== RECORDS SHOWN ==
====================

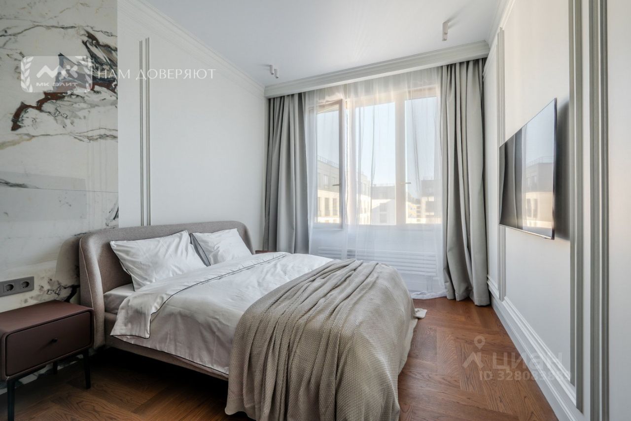 Высокие трехметровые потолки и увеличенные окна обеспечивают обилие света и простор. Планировка квартиры включает уютную спальню, стильную просторную кухню-гостиную, ванную комнату и гардеробную.
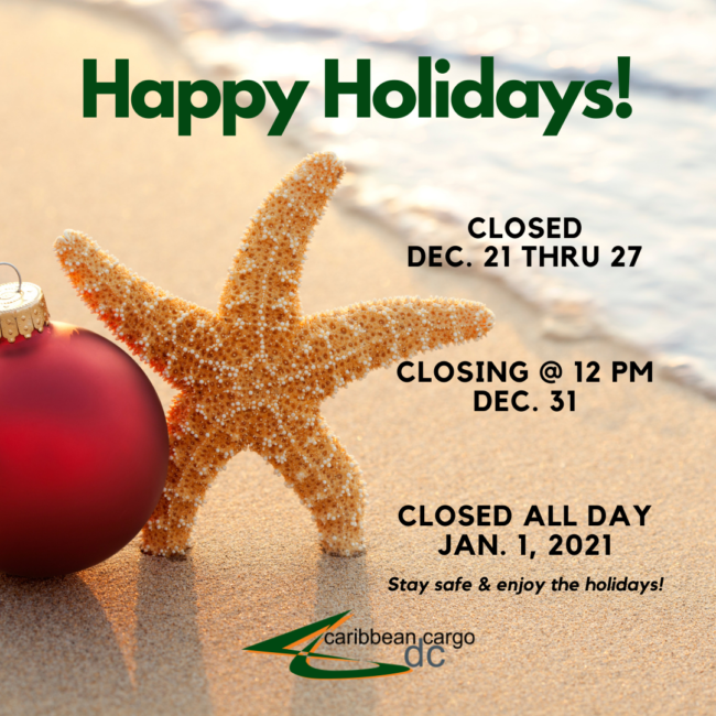 Please make note of our upcoming 2020 Winter Holiday closures below. From all of us here at Caribbean Cargo DC, we wish you a safe and happy holiday season. Thank you for choosing Caribbean Cargo DC!
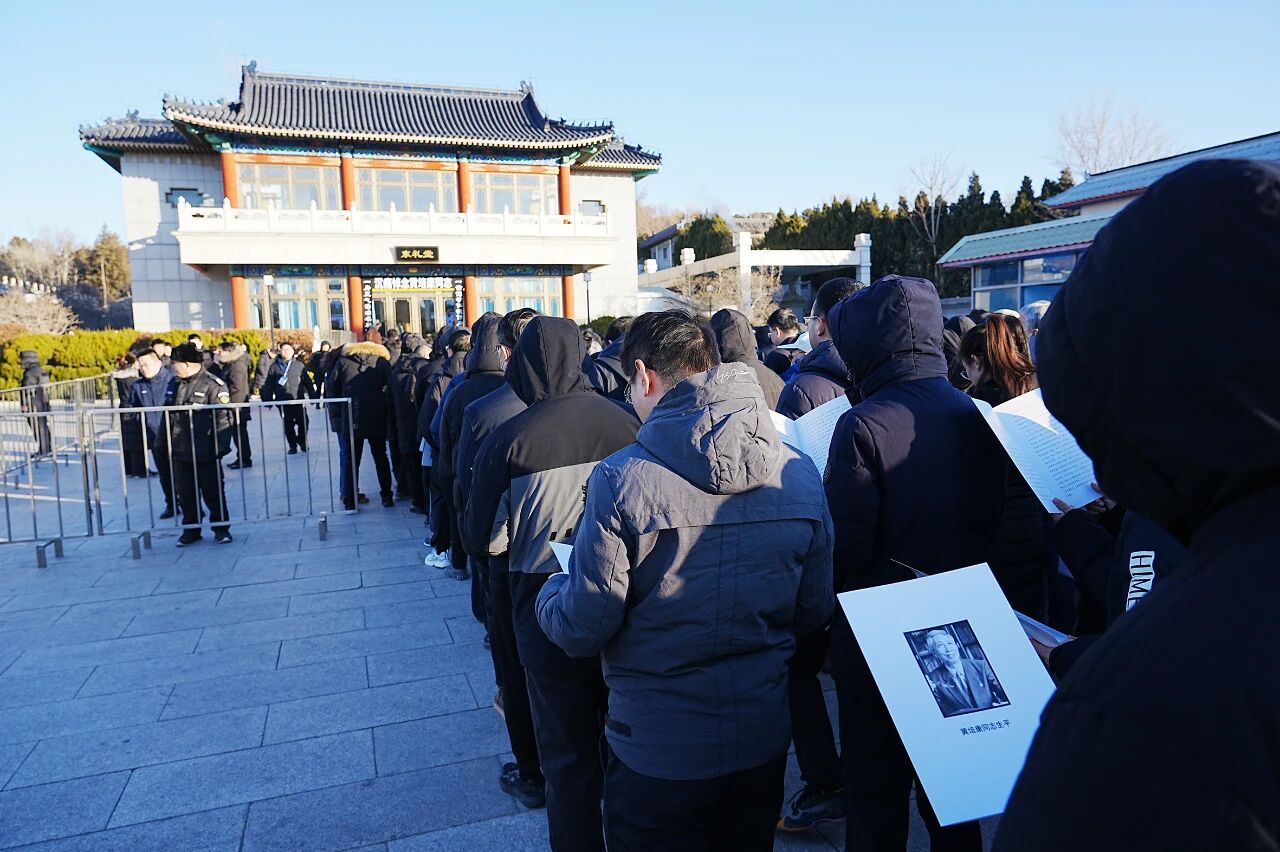 清晨,參加告別的人群早早聚集在北京市八寶山殯儀館,人們懷著無比哀痛的心情,依依不舍地送別黃培康同志。
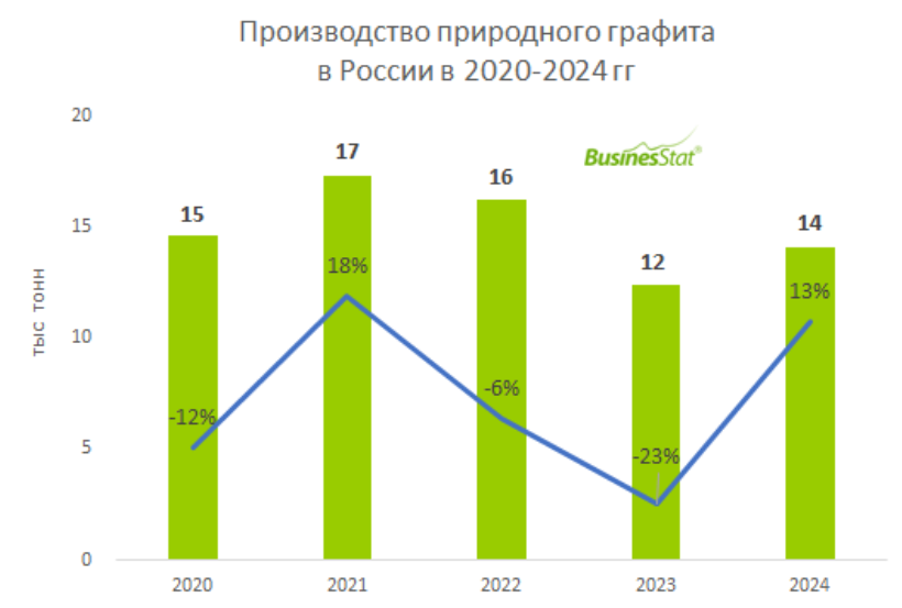 Согласно исследованию BusinesStat «Анализ рынка природного графита в России», в 2024 году выпуск природного графита в стране продемонстрировал уверенный рост на 13%, достигнув показателя в 14 тысяч тонн. Данный рост обусловлен увеличением потребления графита в ключевых секторах промышленности, включая металлургию, машиностроение, электротехнику, энергетику, химическую, автомобильную и атомную отрасли.
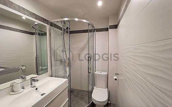 Este apartamento é equipado de uma casa de banho magnífico. Esta sala de água dispõe do necessário pelo seu bem estar na sua vida quotidiana : comoda, ducheiro separado, sink, mirror, towel rack, bin, radiator secador de toalhas, ventilator. Os WC são integrados na casa de banho.
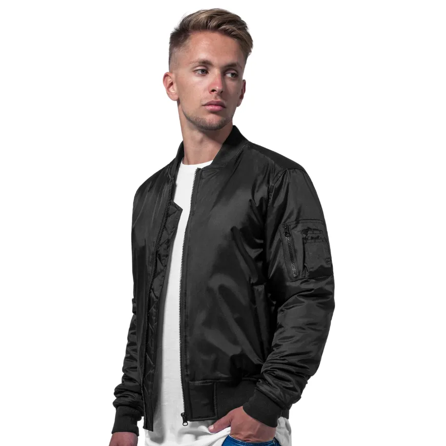 La veste bomber unisexe personnalisable BUILD YOUR BRAND revisite un classique du streetwear. Légère, moderne et pratique, elle est parfaite pour personnaliser tes collections, clubs ou événements.
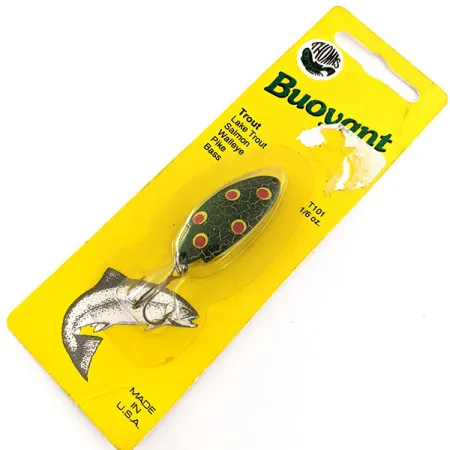 Con una medida exacta de 4 cm (1 1/2"), esta cucharilla ondulante está acabada en el característico esquema de color Red Dot Frog, con una superficie moteada verde oscuro con destellos dorados y vibrantes motas rojas. Este espécimen en particular, identificado con el código de producto T101FRG, permanece en su blíster original amarillo vintage y no ha sido usado. Con un peso de 4,7 g (1/6 oz), el señuelo forma parte de una estirpe que se remonta a una patente estadounidense de 1946. El cuerpo de metal estampado está diseñado para ser eficaz en arroyos o lagos cuando se busca trucha, salmón y lucioperca. Según las instrucciones originales del reverso, se recomienda una recogida de lenta a moderada tanto para lanzado como para curricán. El acabado de calidad de joyería se mantiene brillante, y el cartón original lo cataloga como un producto auténtico fabricado en EE. UU. por Thomas Spinning Lures, Inc. La parte posterior del paquete también incluye recomendaciones específicas de montaje, como el uso de un cierre Duo-lock o un nudo de lazo para permitir que el señuelo alcance la profundidad deseada.

====================

== ABOUT THIS EXERCISE ==
Every line above should be returned word for word, with the pictures left behind.

== RESPONSE TO THE EXERCISE ==
 Высокие трехметровые потолки и увеличенные окна обеспечивают обилие света и простор. Планировка квартиры включает уютную спальню, стильную просторную кухню-гостиную, ванную комнату и гардеробную.
 Please make note of our upcoming 2020 Winter Holiday closures below. From all of us here at Caribbean Cargo DC, we wish you a safe and happy holiday season. Thank you for choosing Caribbean Cargo DC!
 清晨,參加告別的人群早早聚集在北京市八寶山殯儀館,人們懷著無比哀痛的心情,依依不舍地送別黃培康同志。
 Согласно исследованию BusinesStat «Анализ рынка природного графита в России», в 2024 году выпуск природного графита в стране продемонстрировал уверенный рост на 13%, достигнув показателя в 14 тысяч тонн. Данный рост обусловлен увеличением потребления графита в ключевых секторах промышленности, включая металлургию, машиностроение, электротехнику, энергетику, химическую, автомобильную и атомную отрасли.
 Este apartamento é equipado de uma casa de banho magnífico. Esta sala de água dispõe do necessário pelo seu bem estar na sua vida quotidiana : comoda, ducheiro separado, sink, mirror, towel rack, bin, radiator secador de toalhas, ventilator. Os WC são integrados na casa de banho.
 La veste bomber unisexe personnalisable BUILD YOUR BRAND revisite un classique du streetwear. Légère, moderne et pratique, elle est parfaite pour personnaliser tes collections, clubs ou événements.
 Con una medida exacta de 4 cm (1 1/2"), esta cucharilla ondulante está acabada en el característico esquema de color Red Dot Frog, con una superficie moteada verde oscuro con destellos dorados y vibrantes motas rojas. Este espécimen en particular, identificado con el código de producto T101FRG, permanece en su blíster original amarillo vintage y no ha sido usado. Con un peso de 4,7 g (1/6 oz), el señuelo forma parte de una estirpe que se remonta a una patente estadounidense de 1946. El cuerpo de metal estampado está diseñado para ser eficaz en arroyos o lagos cuando se busca trucha, salmón y lucioperca. Según las instrucciones originales del reverso, se recomienda una recogida de lenta a moderada tanto para lanzado como para curricán. El acabado de calidad de joyería se mantiene brillante, y el cartón original lo cataloga como un producto auténtico fabricado en EE. UU. por Thomas Spinning Lures, Inc. La parte posterior del paquete también incluye recomendaciones específicas de montaje, como el uso de un cierre Duo-lock o un nudo de lazo para permitir que el señuelo alcance la profundidad deseada.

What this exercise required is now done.